Captain Nikolin was an officer of gensdarmes who had been specially selected at St. Petersburg and sent out to govern the state prisons at Kara. Kennan speaks of him as “an old and experienced gendarme officer of the most subtle and unscrupulous type, who had received his training under General Muraviov, ‘the hangman, in Poland,’ and had been about thirty years in the service.... He had the suavity and courteous manners of the accomplished gendarme officer, ... and he greeted me with what he intended for frank, open cordiality, softening, so far as possible, all the hard lines of his face; but he could not bring a spark of good fellowship into his cold, watchful gray eyes, and I felt conscious that all his real mental processes were carefully masked.” He was very proud of his position: that he, a simple captain of gensdarmes, had been sent to this important command, where he was independent of local control and entitled to correspond direct with the minister of the interior.
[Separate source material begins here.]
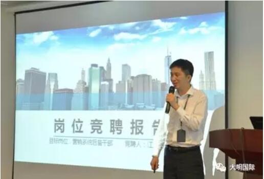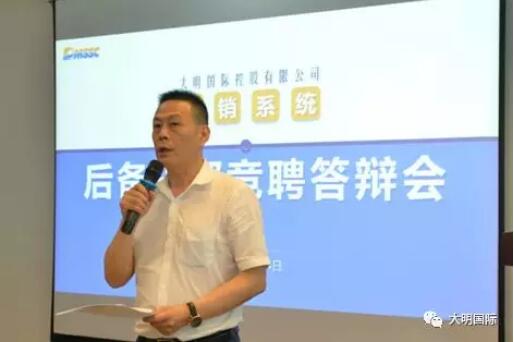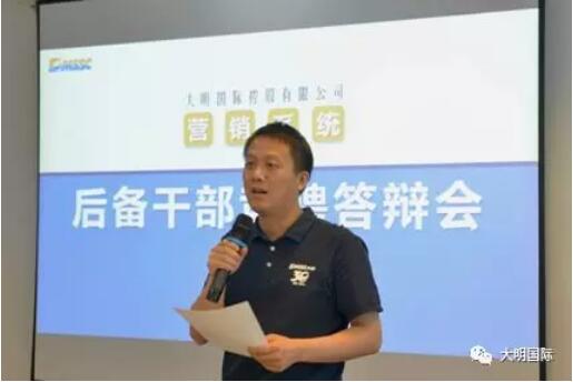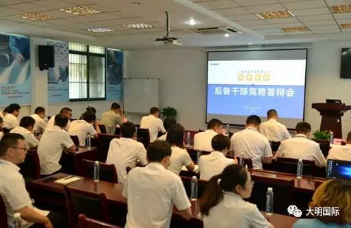 5月25日下午,在大明集团总部B楼115会议室,举行了营销系统后备干部竞聘首场答辩会,54名竞聘者将分为三批,通过PPT演讲和现场答辩,角逐营销系统10名主管和5名部长级后备人选的职位。大明国际副总裁路平、集团人事行政总监张必宏、不锈钢事业部总经理倪晨、营销管理部总经理张理红、采购总监助理邓梁峰、人力资源部部长董伟锋等作为评委出席。

His whole object was to hoodwink Kennan, whom he assured blandly and mendaciously that the prisoners led a life of ease, even of luxury, sitting in a kamera like a club smoking room, reading and writing and pleasantly conversing. He further asserted that the “politicals” received considerable sums from their friends in Russia; that they bought what books they pleased, had newspapers, including the London Punch and other illustrated papers, and in a word, were “treated with gracious clemency by an enlightened and paternal government.” Nikolin showed the cloven foot later when he urged his colleague to seize Mr. Kennan’s baggage and search it, by which high-handed proceeding, happily avoided, much of the incriminating material so daringly secured by the fearless American, would have been lost to the indignant readers of the civilised world.